_Work instructions_.
Omit all pictures and transcribe only the lines in the entries below that run from the line with "Celebrate the spirit" through the line with "Elegancki, pełen uroku".

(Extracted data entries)
+ + + +

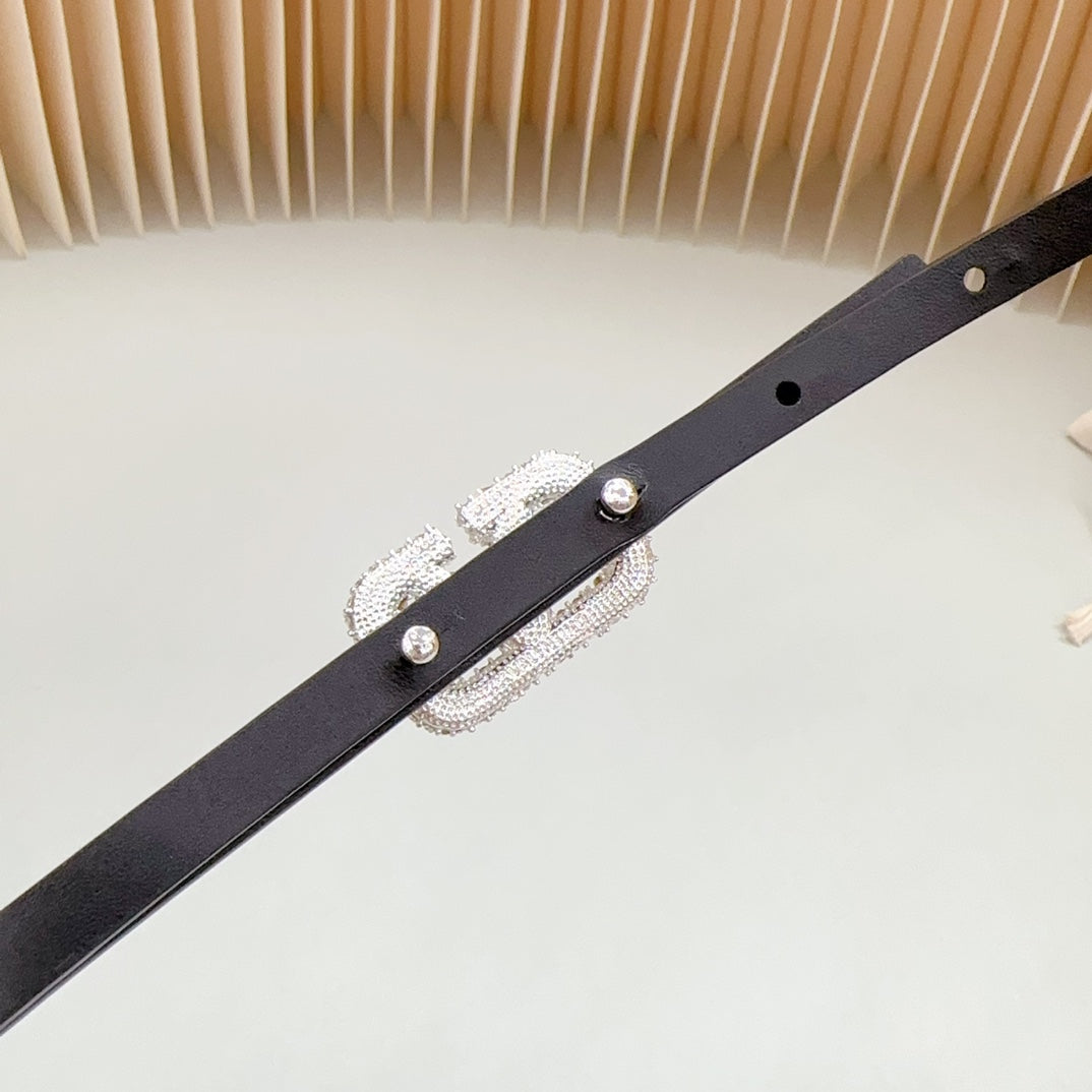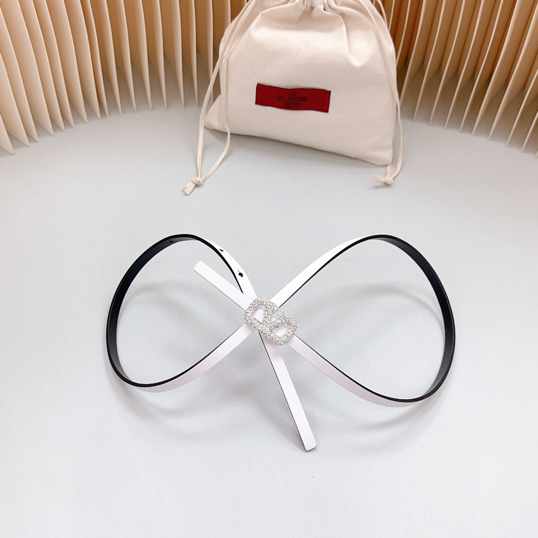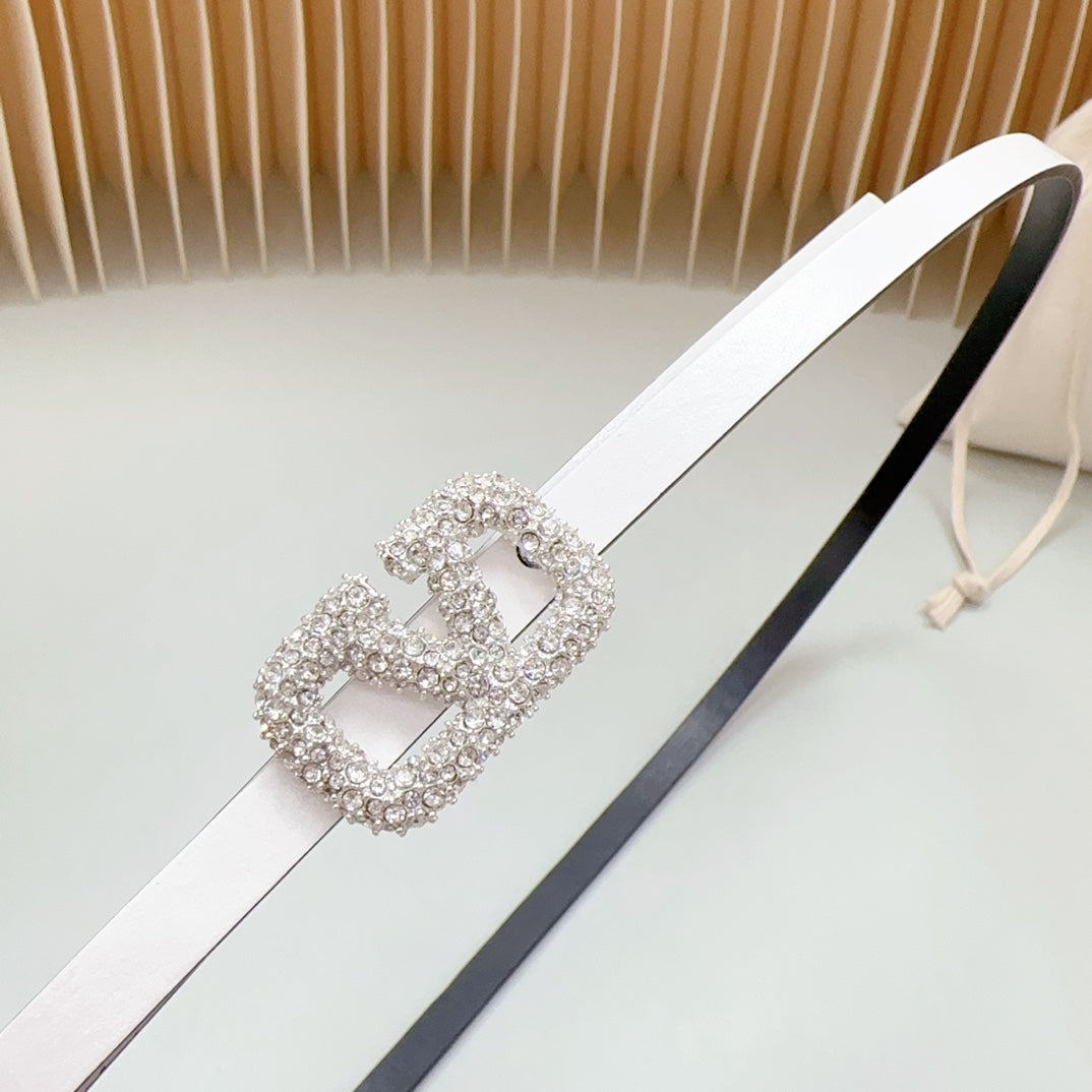 VL Belt 8mm Buckle Silver Diamond Leather White Black
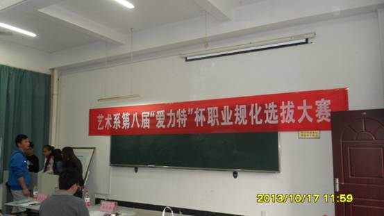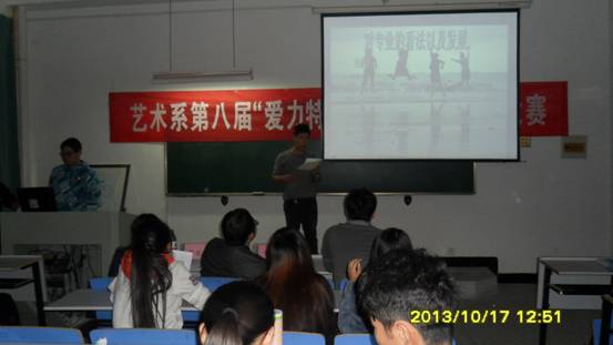 为帮助学生更好地树立职业目标,增强学习动力,2013年10月17日,艺术设计系在艺术楼102室举办了由艺术系各班学生参加的第八届“爱力特”杯大学生职业发展规划大赛。此次活动由艺术设计系辅导员和学生会指导老师对参赛学生进行评分。
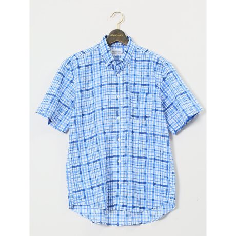 着映え度抜群、コーディネートの主役になるボタンダウンの半袖シャツです。にじませた様なチェックの総柄プリントがポイント。左胸ポケット付きで利便性にも優れています。
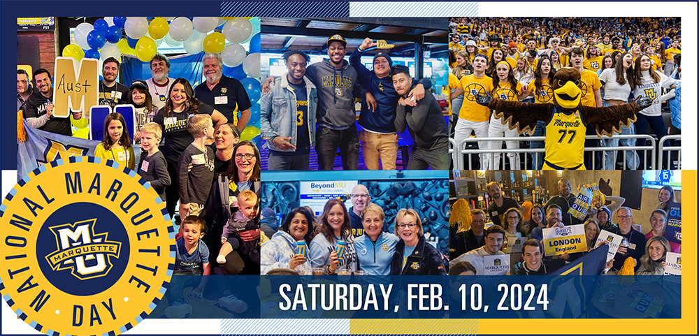 Celebrate the spirit of Marquette by sharing your pride on Facebook, X, LinkedIn, and Instagram. Post your messages and images before, during, and after National Marquette Day Weekend using #NationalMarquetteDay and tagging @MarquetteAlumni.
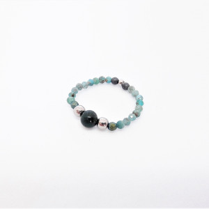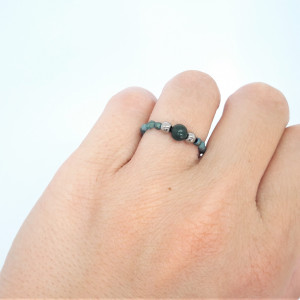 Elegancki, pełen uroku pierścionek elastyczny wykonany z apatytu, hematytów i agatu.
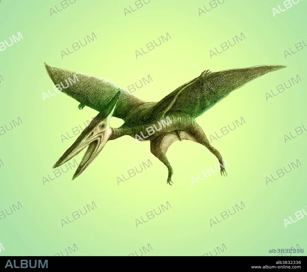 Caption: Pteranodon pterosaur (also Pterodactyl), artwork. Pteranodon was a flying reptile that inhabited what is now North America and Europe during the late Cretaceous period, between 85 and 75 million years ago. It was carnivorous, and probably fed on fish, which it caught from the water in its toothless bill. Its wingspan could reach up to ten meters.
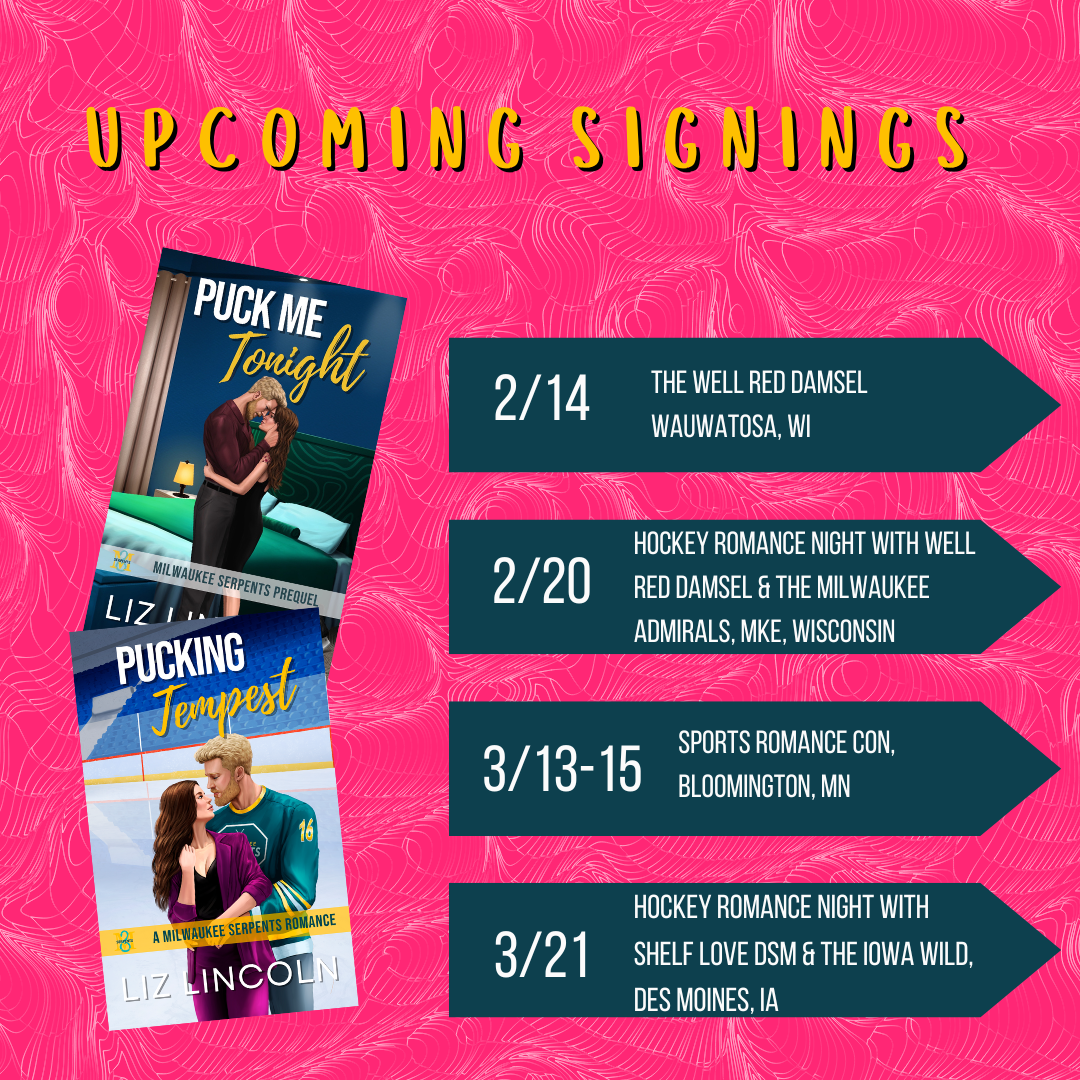 February 20—Hockey Romance Night with The Well Red Damsel and the Milwaukee Admirals. Join me and 11 other hockey romance authors for a signing before the game, then watch the Admirals take on the Texas Stars. Unfortunately this event is sold out and tickets are required. If you have tickets already, you can preorder my books here to make sure you get a copy.
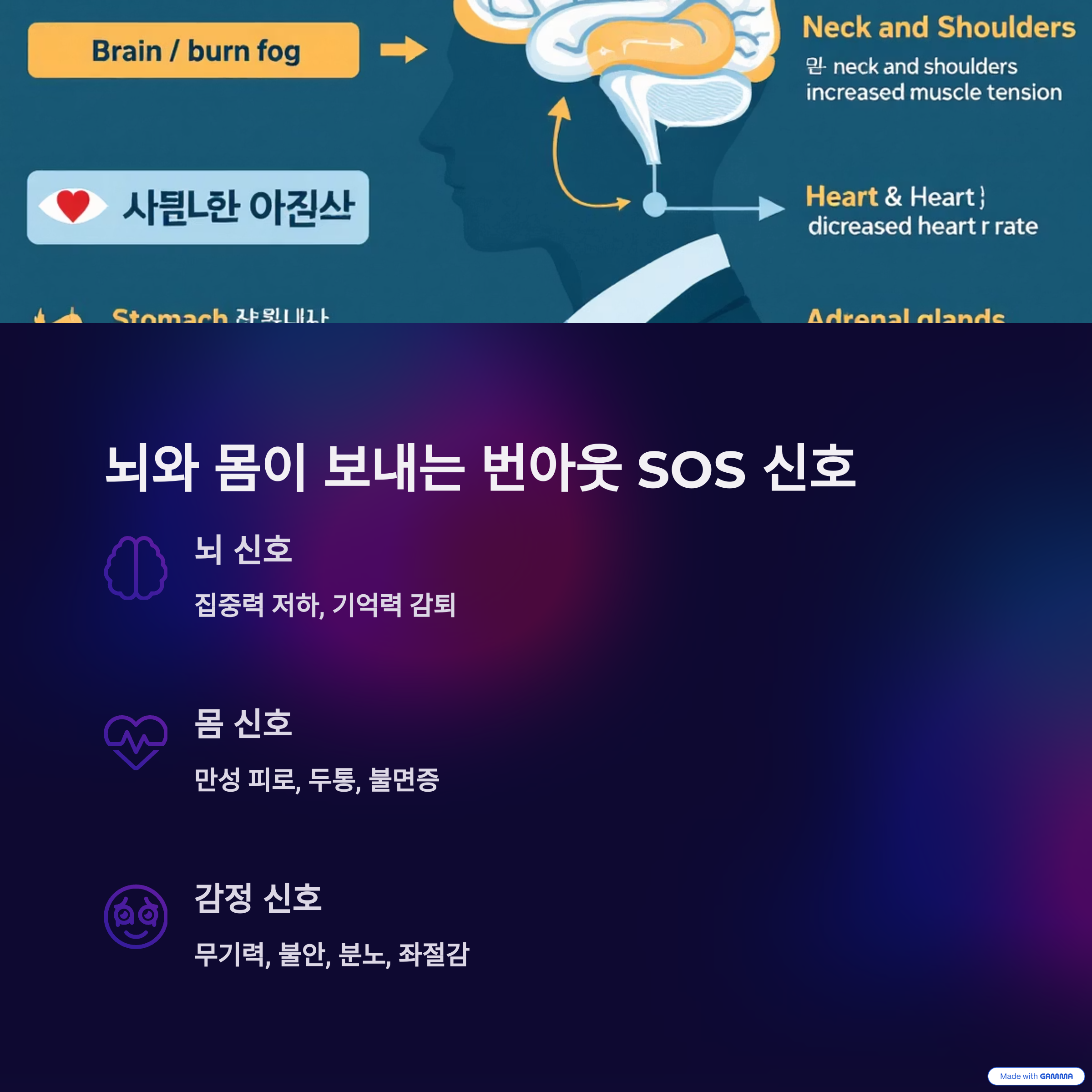 아침에 눈을 떴는데 몸이 천근만근처럼 느껴지고, 출근길 지하철 안에서부터 벌써 뇌가 멍해지는 기분... 혹시 그런 경험 있으신가요? 저는 한동안 그런 상태가 계속되었어요. "그냥 좀 피곤한가 보다" 하고 넘기기엔 뭔가 이상하더라고요. 자꾸 실수를 반복하고, 사람들과 대화도 피하게 되고, 심지어 좋아하던 일조차 귀찮게 느껴졌거든요. 그땐 몰랐죠. 뇌가 이미 ‘그만 좀 하라’며 SOS를 보내고 있었던 걸요.

+ + + +

_Answer space_.
 Celebrate the spirit of Marquette by sharing your pride on Facebook, X, LinkedIn, and Instagram. Post your messages and images before, during, and after National Marquette Day Weekend using #NationalMarquetteDay and tagging @MarquetteAlumni.
 Elegancki, pełen uroku pierścionek elastyczny wykonany z apatytu, hematytów i agatu.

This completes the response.